Officially A Killer Storm: 5 Dead In Connecticut, Travel Ban Lifted (page 3)
“This was like ’78, back when I was 13, we had 3 feet of snow,” one man said in Ridgefield.
Totals in some areas were staggering – 38 inches in Milford, 30 in Bridgeport, and 20.5 in Danbury. More than 40 inches fell in Shelton, just west of New Haven.
Shelton residents said not since the blizzard of 1978 had they seen so much snow in one storm. One man went so far as to use a John Deere bucket loader to shovel out his car, 1010 WINS’ Al Jones reported.
Meanwhile, some people were disobeying the travel ban.
“We have pulled a few people over and, obviously, some people didn’t get the word or weren’t sure or didn’t know. We understand that, but at the end of the day, we’ve got to be able to maintain the safety of our residents and the safety of our work crews and that means people got to stay off the roads right now,” Danbury Mayor Mark Boughton told Schneidau.
Boughton said despite winds of up to 65 mph, only two power outages were reported in all of Danbury.
The next big task for the city will be plowing the parking lots of the 20 Danbury public schools in time for school on Monday, Schneidau reported.
In Fairfield, the gusty winds continued to blow ice crystals and snow every which way.
The top layer of the knee-high snow was in constant motion due to the wind, WCBS 880’s Paul Murnane reported.
Town officials said they need front-end loaders and earth-moving equipment to help get rid of the 30 inches of snow and to free police and fire vehicles as well as snow plows.

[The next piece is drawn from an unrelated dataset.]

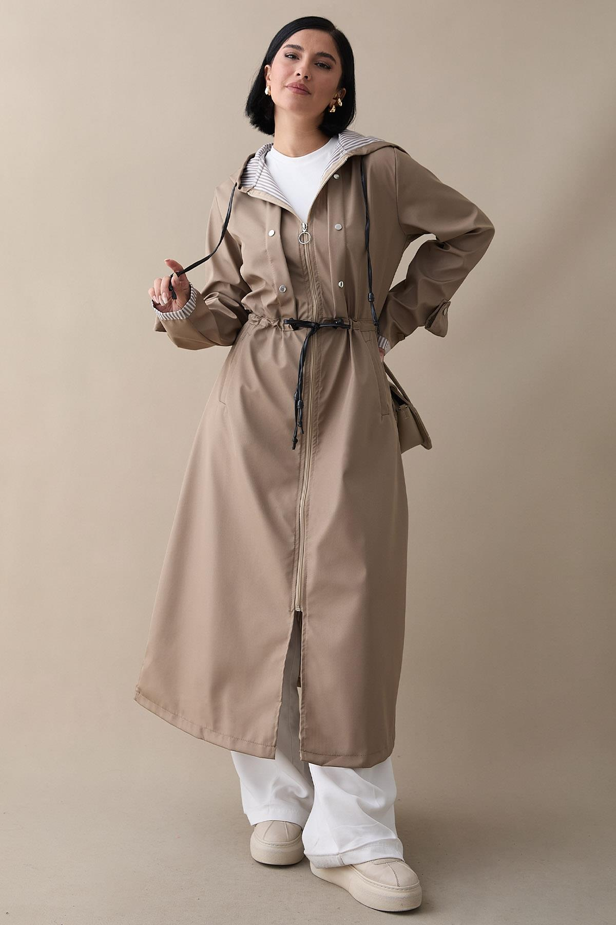 Çakımlı Çizgili Desen Uzun Bej Trençkot

Malloy declared a state of emergency and deployed National Guard troops around the state on Friday afternoon to help with any rescues and other emergencies during the historic storm.
Young reported most were heeding the advice not to get on the roads. But many motorists didn’t have a choice, as their cars were left buried.
Widespread power outages were also seen, particularly in shoreline areas in Litchfield County and parts of Fairfield County, Young reported. Downed trees were largely to blame.